Mona Lisa Smile (2003)
Julia damn Roberts teaching art history on an autumnal college campus. Are you sporting a semi? It’s so Dis Content coded I don’t even need to keep typing here this is all just wasted effort all these additional words and typing.
Spinster (2019)
Endure the first 10-15 mins of clunky acting and you will be rewarded. Chelsea Peretti of Brooklyn 99 fame finds a way to live with herself even though she’s single and women are only useful when servicing a man (sarcasm, sarcasm, sarcasm, sarcasm). The film never goes anywhere it shouldn’t, it’s equal parts realistic and aspirational, and though the feeling of warmth grows slowly, it lives long.
Legally Blonde (2001)
When a movie is so canonical sometimes the actual content gets lost in the annals of history and its many parodies. A re-watch will remind you why this film is heritage pop-culture; it’s a well-acted, tightly written fantasy where a woman can be both hot and smart. Though I enjoyed the Barbie movie, Legally Blonde is testament to the impact of ‘showing and not telling’ viewers how to feel. Rather than explicitly saying: there is no such thing as an archetypal woman, it assumes the audience will assess the evidence and arrive at that conclusion like our girl Elle Woods.
Nobody Wants This (2024)
Like removing your brain with an ice-cream scoop but in a good way.
About Time (2013)
The critic who commented on the unfeasible quantum mechanics of the characters’ ability to time travel needs to hop into their feasible time travel machine, re-watch the film, learn the definition of allegory and do better. This is an aggressively wholesome movie with profound insight if you aren’t a quantum physicist.
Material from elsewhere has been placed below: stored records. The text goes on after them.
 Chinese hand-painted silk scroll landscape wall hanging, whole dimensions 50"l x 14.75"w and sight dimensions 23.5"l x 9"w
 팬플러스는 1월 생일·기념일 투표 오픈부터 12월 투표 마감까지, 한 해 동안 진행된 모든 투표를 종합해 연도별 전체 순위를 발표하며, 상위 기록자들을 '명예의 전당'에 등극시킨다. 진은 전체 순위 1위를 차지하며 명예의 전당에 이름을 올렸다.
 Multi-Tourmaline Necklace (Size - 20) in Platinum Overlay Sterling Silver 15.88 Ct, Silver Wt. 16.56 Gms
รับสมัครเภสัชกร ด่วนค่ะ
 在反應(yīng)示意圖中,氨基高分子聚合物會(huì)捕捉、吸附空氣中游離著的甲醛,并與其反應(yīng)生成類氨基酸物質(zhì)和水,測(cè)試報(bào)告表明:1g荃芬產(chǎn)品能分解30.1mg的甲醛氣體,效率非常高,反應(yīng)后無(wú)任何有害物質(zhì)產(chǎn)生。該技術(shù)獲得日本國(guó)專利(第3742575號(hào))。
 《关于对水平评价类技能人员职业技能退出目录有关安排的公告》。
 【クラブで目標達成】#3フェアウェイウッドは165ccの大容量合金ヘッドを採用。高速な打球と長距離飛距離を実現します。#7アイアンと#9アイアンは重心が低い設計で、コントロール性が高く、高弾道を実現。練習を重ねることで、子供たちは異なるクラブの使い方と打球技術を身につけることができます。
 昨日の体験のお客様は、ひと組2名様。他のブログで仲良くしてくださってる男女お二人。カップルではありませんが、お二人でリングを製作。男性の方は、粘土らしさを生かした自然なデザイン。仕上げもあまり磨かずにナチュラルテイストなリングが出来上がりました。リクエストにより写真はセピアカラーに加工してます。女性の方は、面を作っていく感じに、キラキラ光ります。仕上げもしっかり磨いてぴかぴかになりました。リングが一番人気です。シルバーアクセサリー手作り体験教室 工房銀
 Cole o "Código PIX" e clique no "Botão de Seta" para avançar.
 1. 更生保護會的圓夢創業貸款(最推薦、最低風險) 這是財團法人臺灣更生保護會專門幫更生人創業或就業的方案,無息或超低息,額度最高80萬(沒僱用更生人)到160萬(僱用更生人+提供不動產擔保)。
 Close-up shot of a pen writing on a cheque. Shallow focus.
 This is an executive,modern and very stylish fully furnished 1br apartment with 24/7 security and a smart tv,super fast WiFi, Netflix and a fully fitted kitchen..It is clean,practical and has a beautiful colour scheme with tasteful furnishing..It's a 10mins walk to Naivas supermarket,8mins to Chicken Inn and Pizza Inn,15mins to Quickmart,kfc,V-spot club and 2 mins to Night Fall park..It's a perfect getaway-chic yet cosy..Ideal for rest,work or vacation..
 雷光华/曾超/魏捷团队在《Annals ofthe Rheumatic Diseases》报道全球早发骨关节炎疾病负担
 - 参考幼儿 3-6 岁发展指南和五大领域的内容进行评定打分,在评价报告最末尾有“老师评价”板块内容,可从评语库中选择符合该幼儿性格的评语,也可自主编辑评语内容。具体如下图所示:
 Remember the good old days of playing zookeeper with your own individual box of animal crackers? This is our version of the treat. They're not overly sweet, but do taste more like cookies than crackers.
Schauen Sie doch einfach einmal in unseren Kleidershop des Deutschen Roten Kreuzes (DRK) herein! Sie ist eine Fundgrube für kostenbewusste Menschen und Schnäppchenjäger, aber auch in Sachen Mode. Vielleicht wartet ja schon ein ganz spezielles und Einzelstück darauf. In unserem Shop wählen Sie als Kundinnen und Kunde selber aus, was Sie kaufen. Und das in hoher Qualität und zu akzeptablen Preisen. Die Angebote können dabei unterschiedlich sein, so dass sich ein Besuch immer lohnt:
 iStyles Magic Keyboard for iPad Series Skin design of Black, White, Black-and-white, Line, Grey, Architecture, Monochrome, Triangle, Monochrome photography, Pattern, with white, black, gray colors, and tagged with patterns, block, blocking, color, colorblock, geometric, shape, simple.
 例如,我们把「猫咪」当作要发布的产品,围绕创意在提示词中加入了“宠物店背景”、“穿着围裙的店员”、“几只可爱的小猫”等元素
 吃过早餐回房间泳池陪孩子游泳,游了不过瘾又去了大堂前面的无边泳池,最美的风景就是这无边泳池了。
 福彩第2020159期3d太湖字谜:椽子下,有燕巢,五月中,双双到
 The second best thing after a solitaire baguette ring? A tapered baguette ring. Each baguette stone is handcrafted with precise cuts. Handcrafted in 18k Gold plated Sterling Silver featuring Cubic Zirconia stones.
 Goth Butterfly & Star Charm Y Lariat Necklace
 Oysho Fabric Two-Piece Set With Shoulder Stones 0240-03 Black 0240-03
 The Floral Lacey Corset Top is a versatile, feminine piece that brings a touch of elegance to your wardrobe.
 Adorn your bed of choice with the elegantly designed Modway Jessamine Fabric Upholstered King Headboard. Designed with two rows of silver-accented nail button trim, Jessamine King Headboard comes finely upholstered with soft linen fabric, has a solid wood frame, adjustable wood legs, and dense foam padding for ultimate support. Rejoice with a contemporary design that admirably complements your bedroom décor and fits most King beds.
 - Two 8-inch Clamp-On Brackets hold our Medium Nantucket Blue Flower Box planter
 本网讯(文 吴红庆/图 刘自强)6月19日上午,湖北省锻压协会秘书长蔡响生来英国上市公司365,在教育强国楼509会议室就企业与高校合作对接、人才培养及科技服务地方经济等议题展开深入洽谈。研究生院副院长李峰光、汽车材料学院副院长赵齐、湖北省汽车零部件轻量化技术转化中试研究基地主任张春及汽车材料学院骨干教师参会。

Salt, Fat, Acid, Heat (2018)
Watch a chef make gourmet food while you eat a whole stick of salami and loathe yourself. Samin Nosrat will bowl you over with her charm and you will watch nonna’s pummel basil with a mortar like it’s the face of their husbands oops I mean mortal enemy.
Paddington 2 (2017)
Oh, the kids movie of it all will piss you off but once you’re in, you’re in. If you’re a bit of a sick f*ck like me and don’t like it when things go too well, rest assured Paddington gets a rude shock about halfway through. There’s a mental crossover here between Paddington Bear 2 and The Grand Budapest Hotel that I can’t quite explain. I watched both hungover so the details of what happened in which is still a little hazy, but I feel like the similarities are uncanny. Though I think I walked away from Paddington much less depressed and I’m pretty sure Hugh Grant was involved somehow.
Mi Amor! Thank you for reading and I know it wasn’t very well thought out but that’s the Sunday scaries for you. Do you know? I wrote a similar piece about what to watch when you’re horrendously depressed (because if you’ve never had chronic depression, it feels very similar to hangover joylessness but for eternity) and genuinely pitched it to publications… wonder why they didn’t pick it up?
Hope you enjoyed the sloppy seconds and a spooky Dis Content is coming soooon……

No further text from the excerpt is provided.